Я поднапряг мыслительные способности: чего бы еще потребовать?
— Кусок мяса по-суворовски, котлетки а ля Жардиньер, два жбанчика с зернистой и паюсной икоркой… зернистая чтоб была серенькая, а паюсная этакая блестящая.
— Балычок янтаристый не желаете? — подсказал услужающий.
— Желаю! И еще телятинки… знаете, бывает такая телятинка, белая, как снег.
— Как не знать! — отозвался он, и все, что я заказывал, как-то само собой выстраивалось передо мною.
Порядки тут были явно не ресторанные. Или я до сих пор бывал только в плохих ресторанах? Серьезное упущение в моей земной жизни.
Соседку справа звали Светой. Она весело улыбалась во все стороны, и ей отвечали улыбками.
— Ты здесь давно? — спросил я у девочки.
— Сороковой день, — сказала она и лицо ее построжало. — Сегодня меня провожают. И пир этот в мою честь…

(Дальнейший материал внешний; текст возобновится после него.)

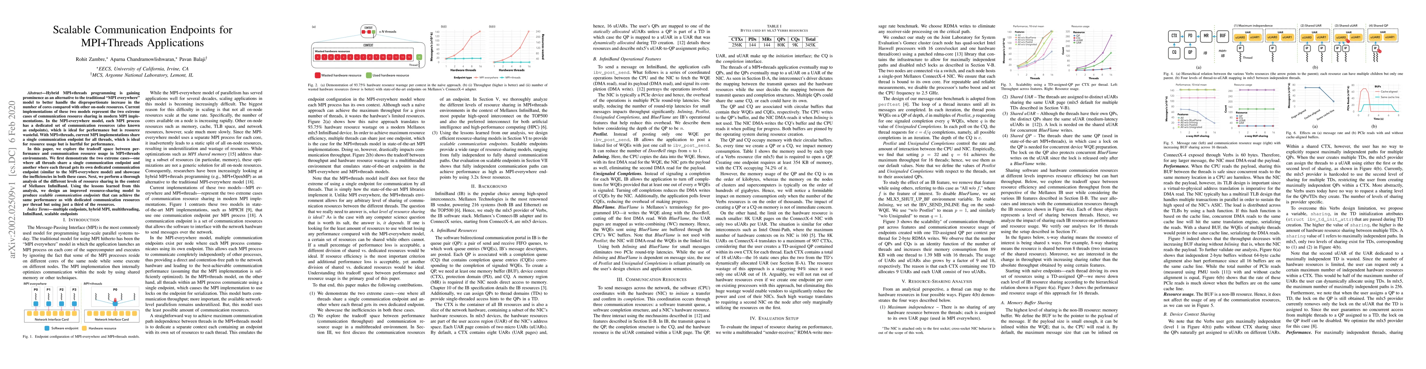 This paper investigates hybrid MPI+threads programming to optimize communication resource usage and performance. It demonstrates inefficiencies in both extreme resource-sharing models and proposes a scalable communication endpoint design that achieves high performance while significantly reducing resource usage.
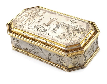rectangular form, canted corners, engraved in the Chinoiserie manner, with figures and birds, the interior with three fitted sections, length 15.4cm, approx. weight 13.1oz.
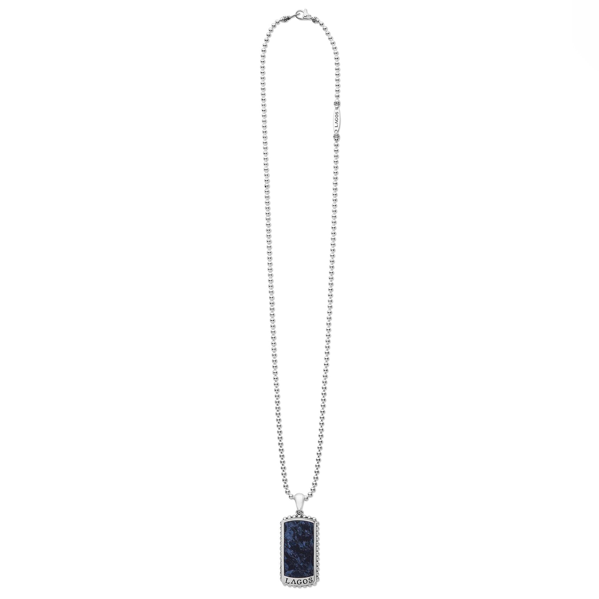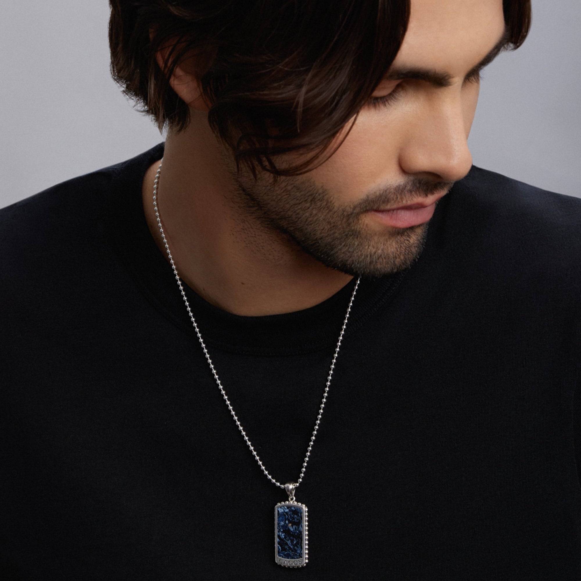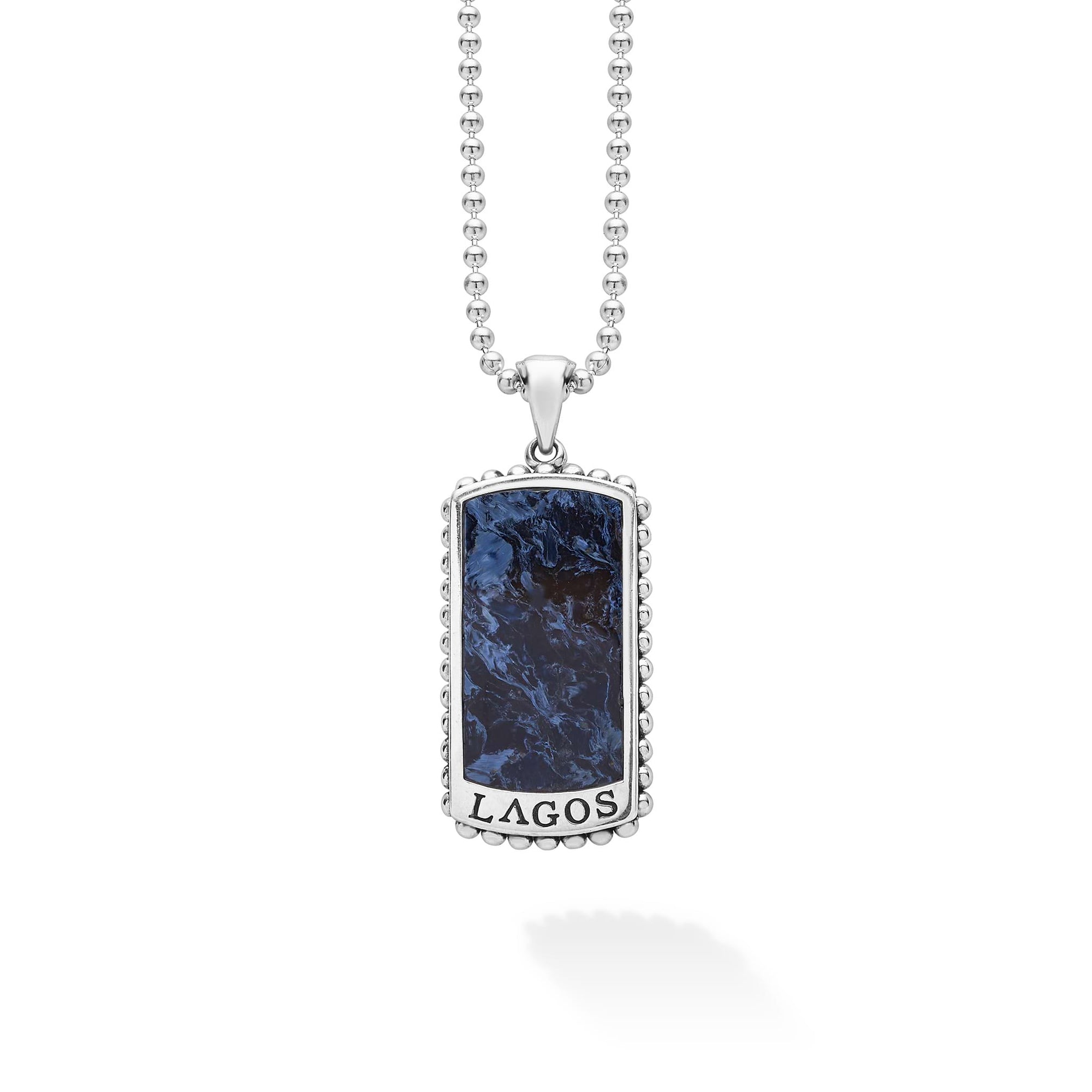 Pietersite accented by sterling silver Caviar beading forms this statement tag amulet featuring a Krunch emblem. Finished on a sterling silver ball chain necklace.
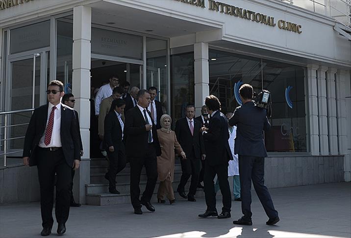Cumhurbaşkanı Recep Tayyip Erdoğan'a, hastaneden çıkışında, vatandaşlar sevgi gösterisinde bulundu. Vatandaşlar, Erdoğan ve eşi Emine Erdoğan'ı cep telefonlarıyla görüntüledi. Erdoğan, vatandaşlarla sohbet etti.
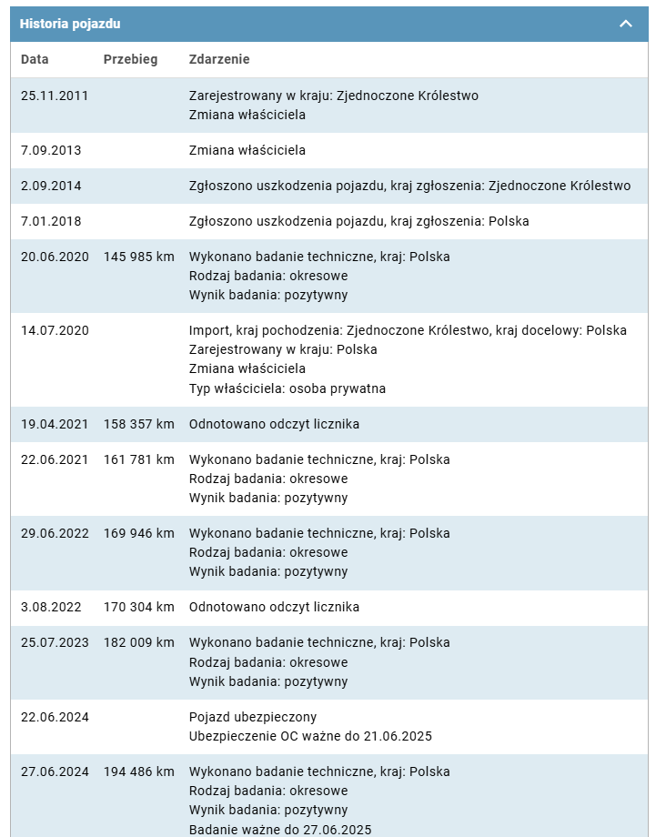 Pod koniec raportu mamy chronologiczną historię pojazdu, gdzie znajdziemy m.in. to, kiedy zmieniał się właściciel, kiedy robiono odczyty licznika, czy daty badań technicznych.
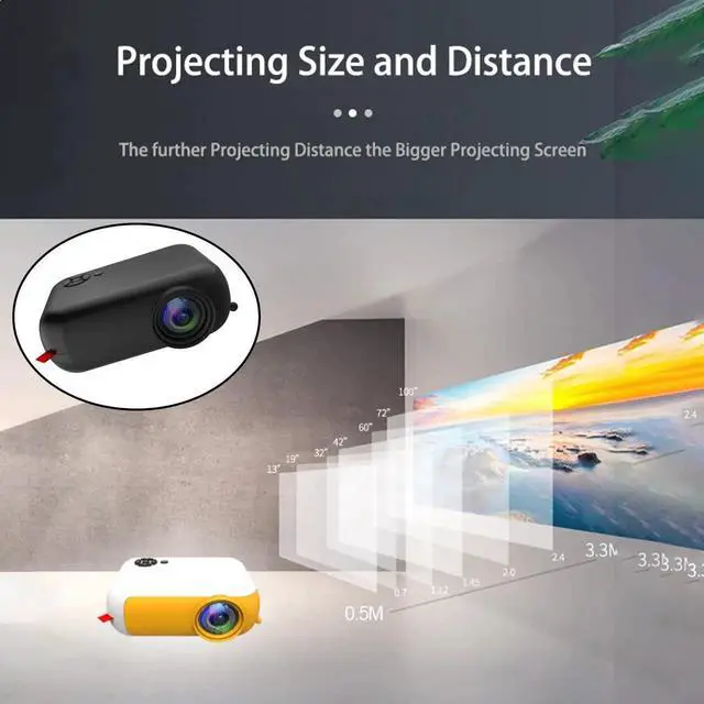 Mini projector, a must-have product for children to watch cartoons and videos, very popular with children, when viewed from a distance with a projector, Projection Size Range: 13-100 inches.
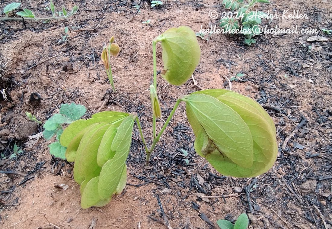 Subarbustos bajos, aprox. de 0,3-0,65 m de alt., glabros. Estípulas persistentes, ovado-triangulares, estriadas, pilosas. Hojas uniyugadas, subglabras; pecíolo de 2,5-6,3 cm long.; pinnas 1 ½-yugadas, folíolos de 3,3-7,5 x 1,3-5,5 cm, obovados a orbiculares, coriáceos, glabros. Espigas capituliformes axilares, glabras; cáliz verdoso, corola rojiza en el ápice; estambres blancos en la ½ basal, carmesí en la ½ apical. Legumbres angostas, glabras.
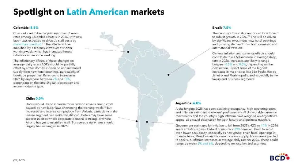 - 拉丁美洲:+6.4%(巴西+7.5%、哥伦比亚+8.5%,因本地高通胀推高成本)。
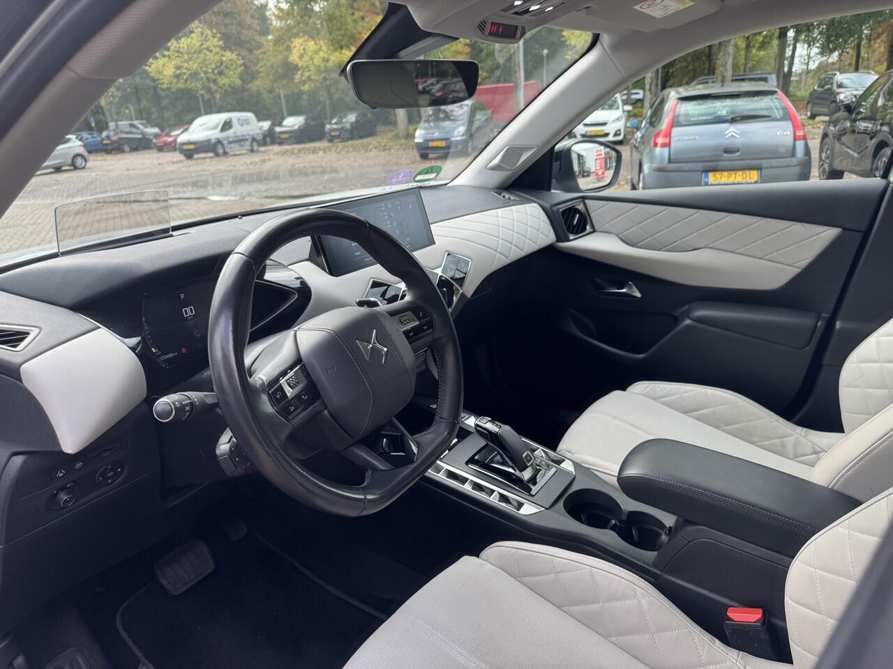 maar hij brengt u ook met het grootste gemak door druk verkeer. Een benzinemotor en een automatische transmissie zorgen dat u met deze SUV prima vooruitkomt. Het lederen interieur is een stijlvolle extra van deze DS 3 Crossback. Doe maar luxe! Neem plaats in de verwarmbare voorstoelen en voel de weldaad in koude dagen. De kwaliteit van de matrix LED-verlichting geeft het gevoel dat u bij daglicht rijdt. De uitmonstering van deze auto wordt gecompleteerd door onder meer 18 inch lichtmetalen velgen
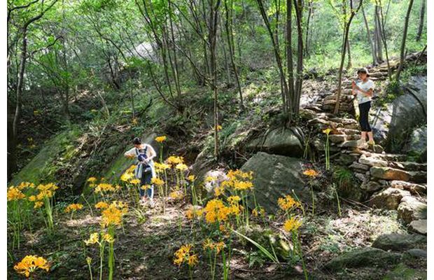 隨州網(wǎng)訊 8月12日,隨縣中藥材普查工作者在淮河鎮(zhèn)神農(nóng)部落發(fā)現(xiàn)大面積的野生黃花石蒜。我市境內(nèi)大洪山、三潭風景區(qū)等地都先后發(fā)現(xiàn)有野生石蒜分布,但如此大面積的野生石蒜群落實屬罕見。
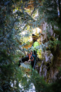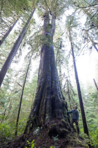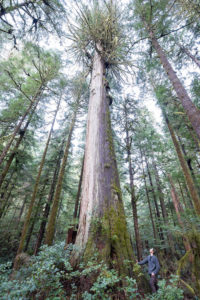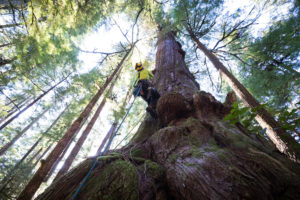 In March 2020, with the help of our friends at Expedition Old-Growth, we were able to climb and measure the grove’s biggest tree: an enormous, burly cedar that came in at 175 feet (53 meters) tall and nearly 14 feet (4+ meters) wide! Eden Grove and the remaining ancient forests on Edinburgh Mountain comprise one of the most outstanding, unprotected old-growth “hotspots” on Vancouver Island, where over 96% of big-tree forests have already been logged.

Словно услышав ее слова за общим шумом, застолица обратилась к нам лицами, кое-кто опять поднимал хрустальные бокалы с вином, как это делают живущие на земле: мол, твое здоровье, Света! Только тут уж не о здоровье тела речь, а о благополучии души ее.
— Придет срок и вас проводят так же, — добавила она как бы мне в утешение.
— Как ты тут оказалась? — спросил я у Светы тихонько.
— Умерла, — сказала она и опять заулыбалась.
— Отчего? Ты заболела?
— Шла по улице… кто-то выбросил с верхнего этажа пустую бутылку… как раз мне на голову.
Я застонал, как от зубной боли.
— Я ничего не почувствовала! — сказала девочка опять в утешение мне. — Просто вспыхнул свет… словно голова моя стала электрической лампочкой и включили ток.
У нас в Новой Корчеве почему-то считается достойным делом выбрасывать пустые бутылки из окна.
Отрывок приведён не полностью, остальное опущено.